Hij viel! zijn werkzaam hoofd boog willig zich ter neder,
Toen de Engel Gods hem wenkte en de Almagt uitkomst gaf;
Want, ach! gelijk in 't woud de in storm geknakte Ceder,
Neeg lang reeds 't moede lijf naar 't op hem wachtend graf.
Ja, heerlijk blinkt de traan, die neêrstroomt bij de groeve
Van d' onvergeetbren Bard, die steeg naar reiner baan:
Maar, Neêrland! o, misgun d' in 't leed vergrijsden droeve
Niet de afgebeden rust, die hij is ingegaan.
| |
| |
Zijn' strijd heeft hij volstreên, zacht moge uw klaagtoon ruischen,
o Muzen! gij, die treurt om uwen bilderdijk;
Aandoenlijk moge uw lied als de avondkoelte suizen,
Nu gij de omfloersde luit doet galmen bij zijn lijk.

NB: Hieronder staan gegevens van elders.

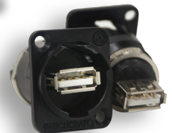
EHUSBAAB (black) EHUSBAA (nickel)
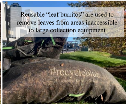
Reusable “leaf burritos” are used to remove leaves from areas inaccessible to large collection equipment
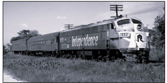
The last regular service to the Quad Cities was run by the Rock Island, which never joined Amtrak. Service ended December 31, 1978.

“With an estimated $30 million annual impact to our region, it will mean tremendous things for our communities.” This money fully funds the almost $900 million project, which will bring the Quad Cities closer to service that will improve regional connectivity, drive economic growth and expand transportation options across the state.
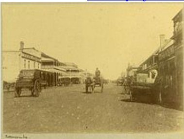
Main Street of Toowoomba in 1897.

Main article: History of Toowoomba, Queensland
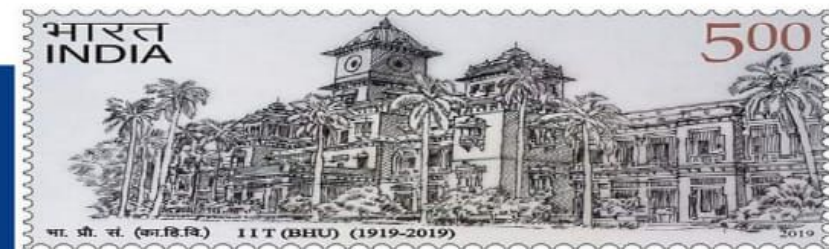
Commemorative stamp on the completion of 100 years of institute released by the Hon'ble PM

It conducts short-term courses, training courses, seminars, workshops and conferences for enrichment in quality of students and entrepreneurs. The department has its own Civil Engineering Society which is dedicated in organising lectures by various experts in their respective field, group discussions, competitions, sports and various other extra-curricular and cultural activities so that there would be an holistic all round development of students. Also this society conducts a separate fest for the Civil Engineering Students, known as, Shilp.

Welzaalgend is 't gevoel, dat opbruist naar uwe oogen,
Daar gij zijn nedrig graf met lauwren overspreidt;
Gij kunt zijne eer en roem wel door geen' lof verhoogen,
Maar 't nokkend hart zoekt lucht voor zijne erkentlijkheid.
Want, o! onsterflijk blijft hij leven;
Zijn onnavolgbre hemeltoon,
Zal met zijn' dierbren naam van aller tongen zweven,
En, tot aan 's werelds end door 't heerlijkst schoon verheven,
Staâg dingen naar het waardigst loon.